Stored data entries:
====================

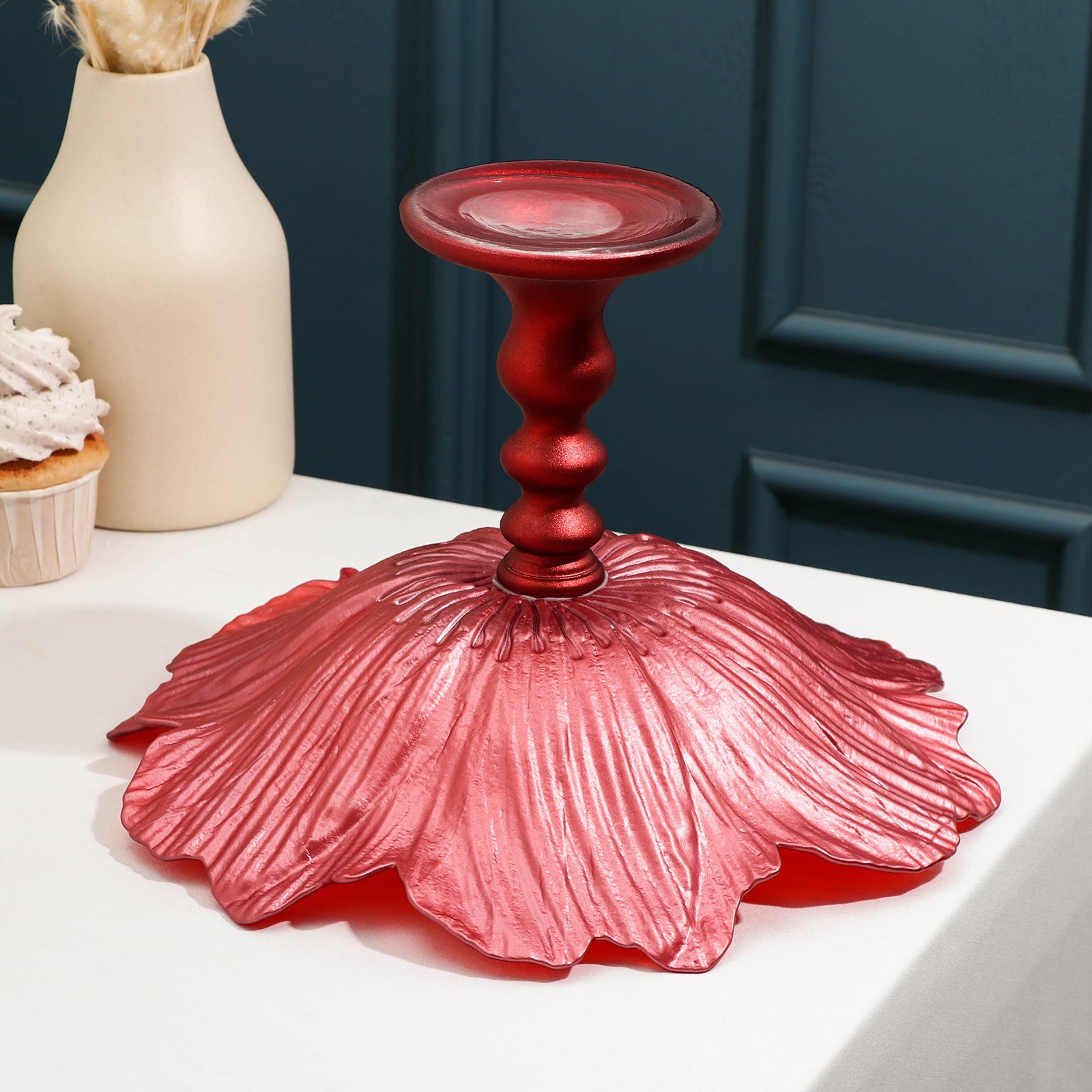 Блюдо сервировочное на ножке «маки», D=30 см, цвет красный
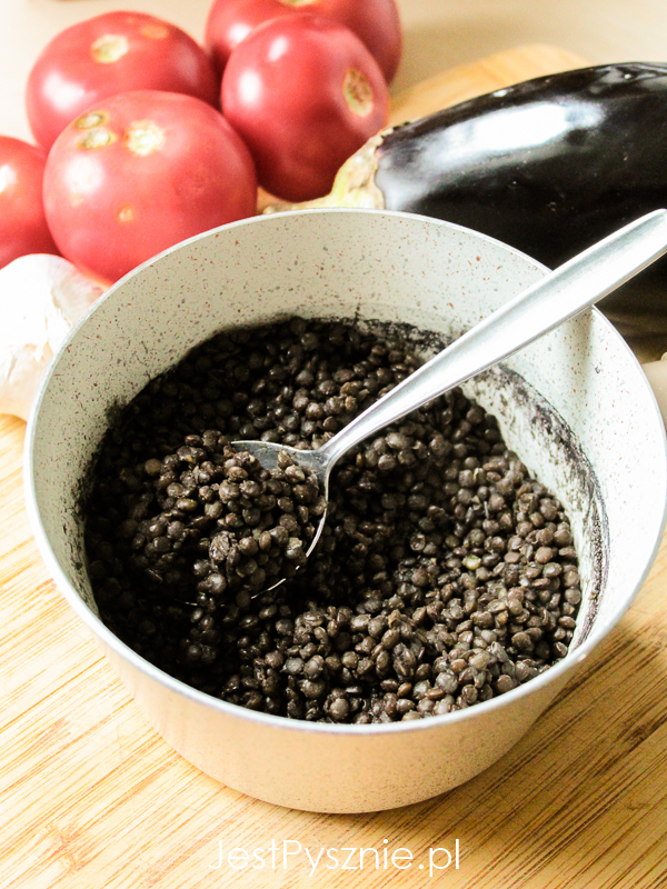 Lśniące, ciemnofioletowe, niemal czarne bakłażany i czarna soczewica beluga z sosem ze…
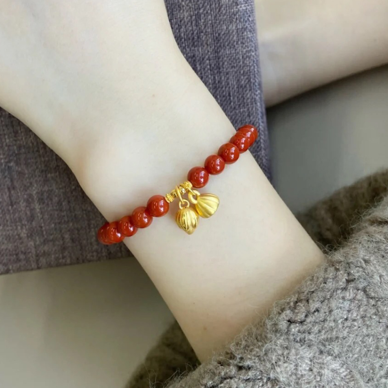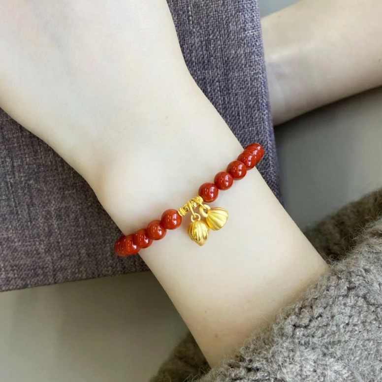3D硬金黄金两世欢手链女999足金南红路路通金珠手串母亲节送妈妈
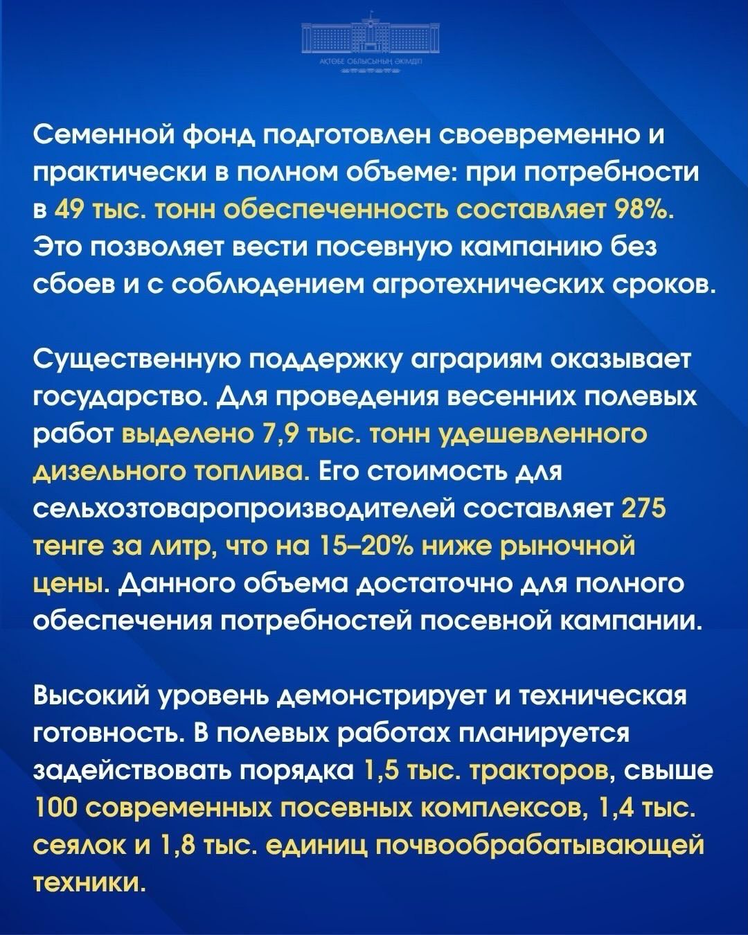 ⛽ Меры государственной поддержки также дают результаты. Для своевременного и эффективного проведения весенних полевых работ выделено 7,9 тыс. тонн удешевленного дизельного топлива. Цена его поставки для сельхозпроизводителей составляет 275 тенге за литр, что на 15–20% ниже рыночной стоимости. Выделенного объема топлива достаточно для полного обеспечения посевной кампании.
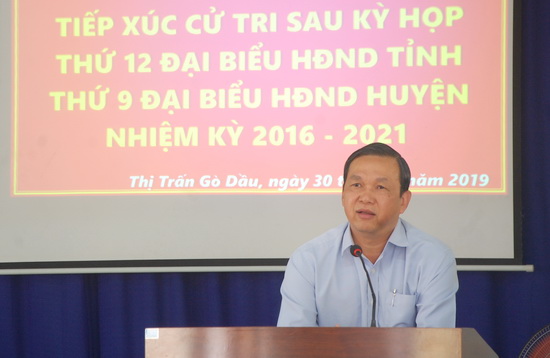 Tại buổi tiếp xúc, cử tri kiến nghị đến các đại biểu việc thi công dự án bờ kè khu vực thị trấn Gò Dầu có thực hiện hay không; cánh đồng Bàu Thác Lác ( khu phố Thanh Hà) có một số hộ sản xuất nông nghiệp, nhờ nguồn nước tưới của kênh N18-20, tuy nhiên trong vụ Đông xuân 2018-2019 lại không có nước kênh về để phục vụ cho sản xuất, nguyên nhân do đâu; đề nghị lắp hệ thống đèn giao thông tại khu vực Trung tâm Y tế huyện, do ở đây thường xuyên xảy ra các vụ TNGT.
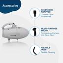 The Easy Clean vacuum cleaner has a powerful suction and blower function with an 800W motor. Attach the blower adapter when you want to use the blower end. It has an airflow of 14 litres/second. There are accessories which can be attached to the machine for better use.
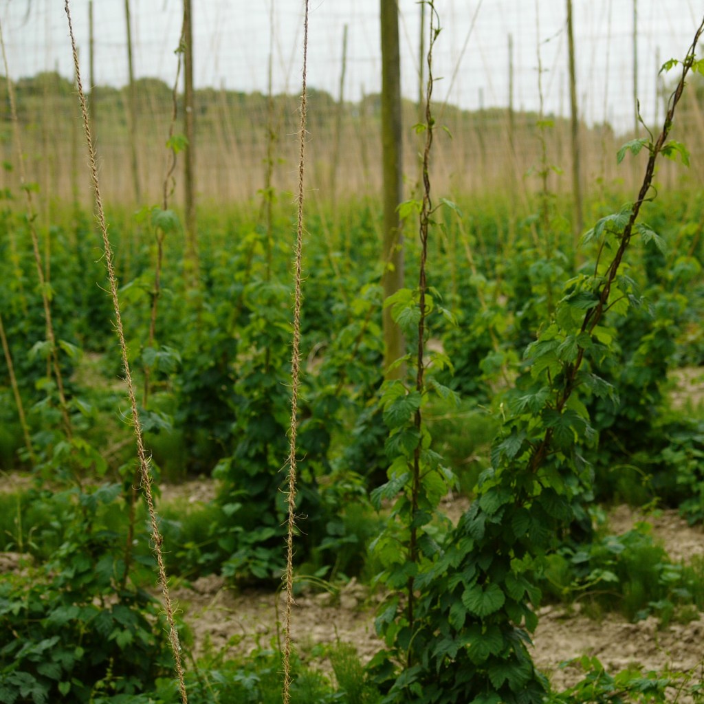 We crossed over a stile at the back of the castle grounds and began to head slowly uphill. The first half of the day had mostly been a gentle downhill stretch, and thus the second half would correspondingly be mostly upward. We walked between two fields of growing grapes, past a very posh horse place and crossed over a road a few minutes later. On the other side we saw a couple more fields of lambs, climbing still up along the quiet lane, at the end of which we found a robot lawnmower bumbling diligently about (what an age to be alive). From there we were back on footpaths and passed through a small patch of woods where we spotted a few remaining bluebells and wild garlic – unfortunately, these will soon be gone for another year. We continued along a series of paths across farmland and back over the Kent ditch. From there, the path again climbed through a field of growing hops, onto a track (where Beth confidently said “a quick left right”, re-checked the instructions and sheepishly went left right instead), past a farmer in his tractor and then turned up the steepest slope of the day. This began with some steps through woods and then opened up onto a wide field, bringing us back up onto the high land that had started the day. Here, we accidentally went around the edge of the field rather than across (the path was obvious when we looked back!), before dipping down a bank to bring us back onto the road. We then followed the road upward, and eventually back to where we had left the car earlier in the day.
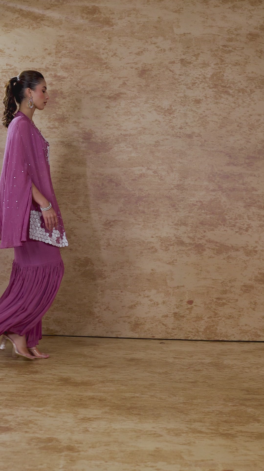 Introducing our stunning Dark Mauve Embroidered Chinon Silk Cape Set. This elegant ensemble features a beautifully crafted cape adorned with intricate sequin, mirror, and cut dana handwork. It comes with a matching inner and a solid sharara, making it perfect for semi-formal occasions.
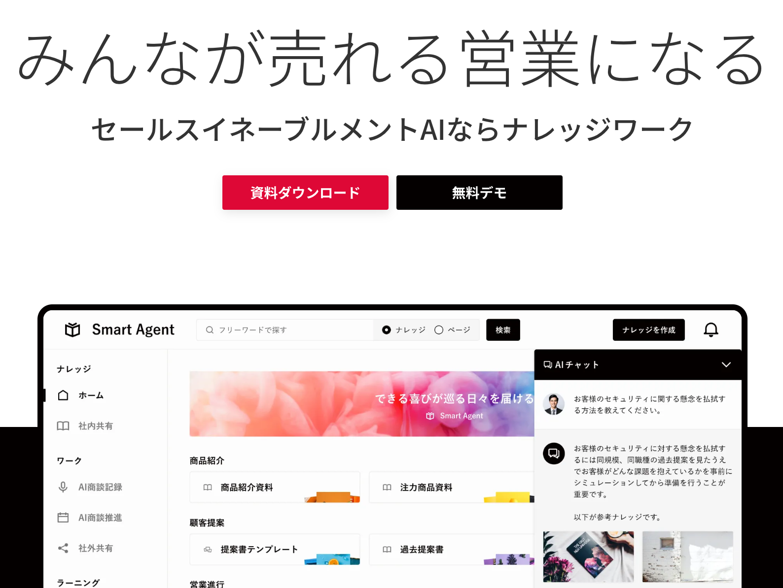 - 営業資料、トレーニングデータの集中管理
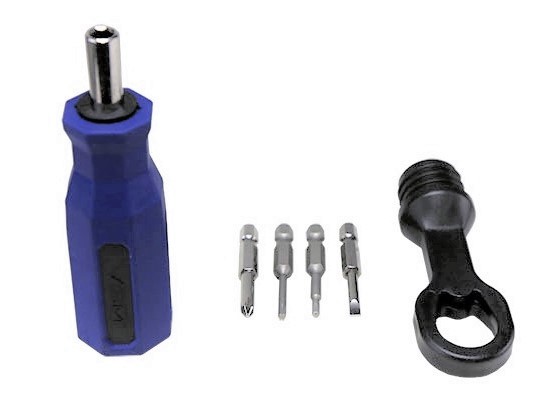 • 3/16” flat head screw driver tool bit for grip panel screws & bushings.
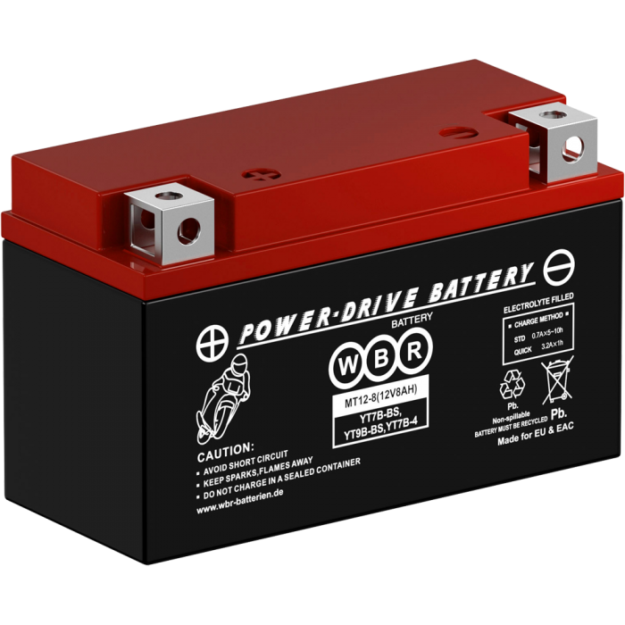 Аккумулятор WBR МТ12-8 - герметизированная, выполненная по технологии AGM, необслуживаемая (MF) стартерная мотоциклетная свинцово-кислотная аккумуляторная батарея. Обладает высоким качеством и надежностью. Она предназначена для запуска двигателя мотоциклов, скутеров, гидроциклов, квадроциклов, снегоходов и мотовездеходов. Батарея соответствует техническим характеристикам и является аналогом мотоциклетных аккумуляторных батарей YUASA моделей YT7B-BS и YT9B-BS.
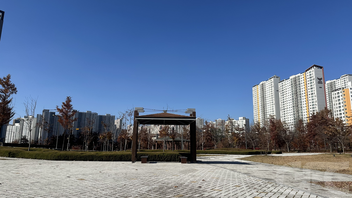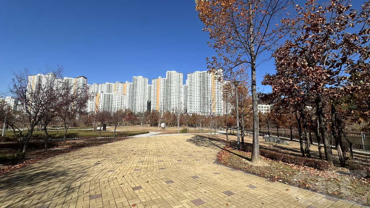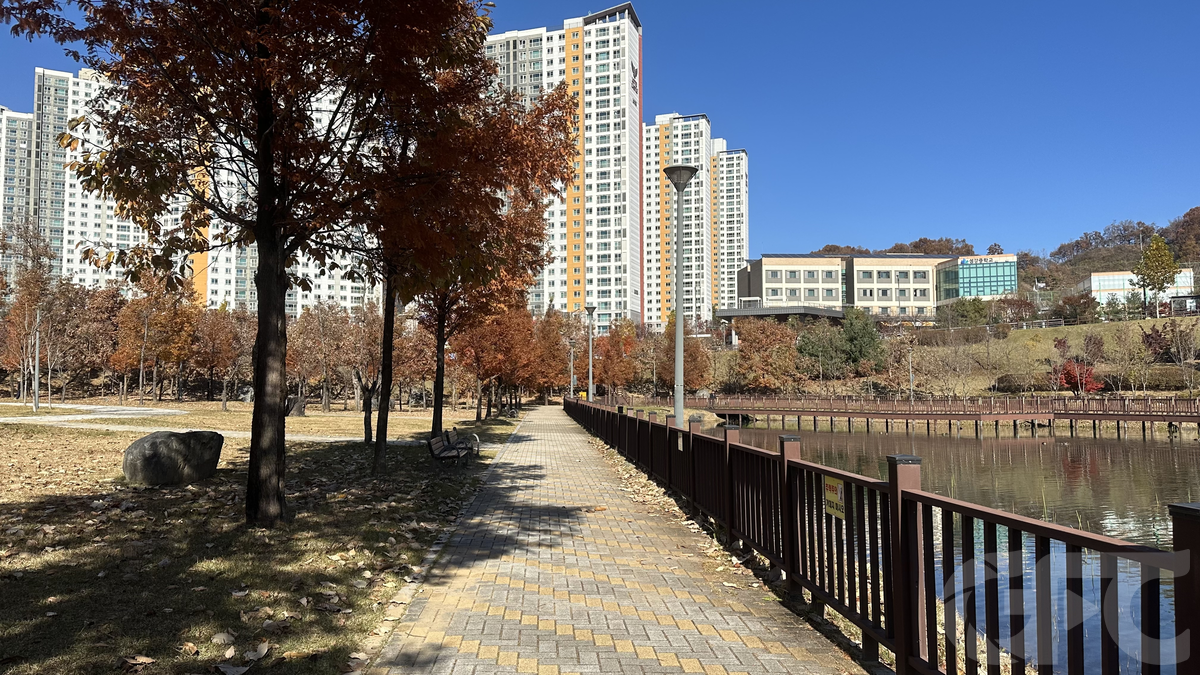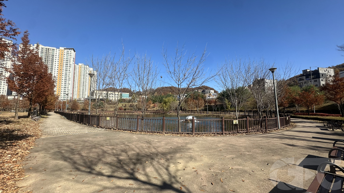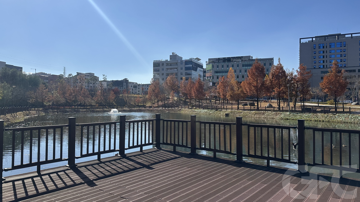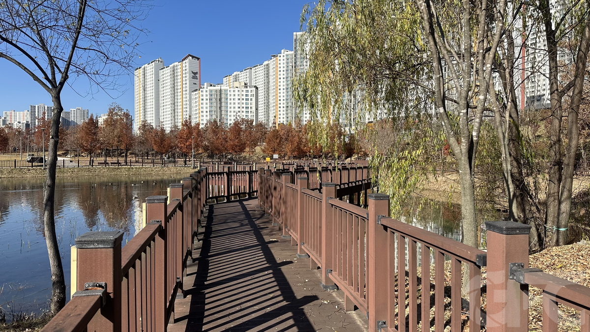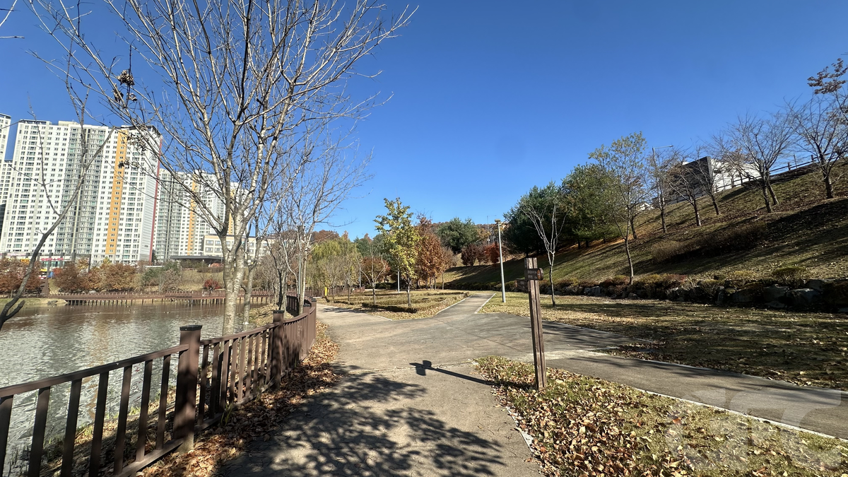 넓게 조성된 인공호수 ‘거울못’을 중심으로 산책로, 수변 데크, 잔디광장 등이 단정하고 현대적으로 배치됨.

====================

**EXERCISE INSTRUCTIONS:** The lines from the one containing "Аккумулятор WBR МТ12-8" through the final line of the data are to be repeated exactly, with both ends included and all pictures left out.

**ANSWER TO THIS EXERCISE:**
 Аккумулятор WBR МТ12-8 - герметизированная, выполненная по технологии AGM, необслуживаемая (MF) стартерная мотоциклетная свинцово-кислотная аккумуляторная батарея. Обладает высоким качеством и надежностью. Она предназначена для запуска двигателя мотоциклов, скутеров, гидроциклов, квадроциклов, снегоходов и мотовездеходов. Батарея соответствует техническим характеристикам и является аналогом мотоциклетных аккумуляторных батарей YUASA моделей YT7B-BS и YT9B-BS.
 넓게 조성된 인공호수 ‘거울못’을 중심으로 산책로, 수변 데크, 잔디광장 등이 단정하고 현대적으로 배치됨.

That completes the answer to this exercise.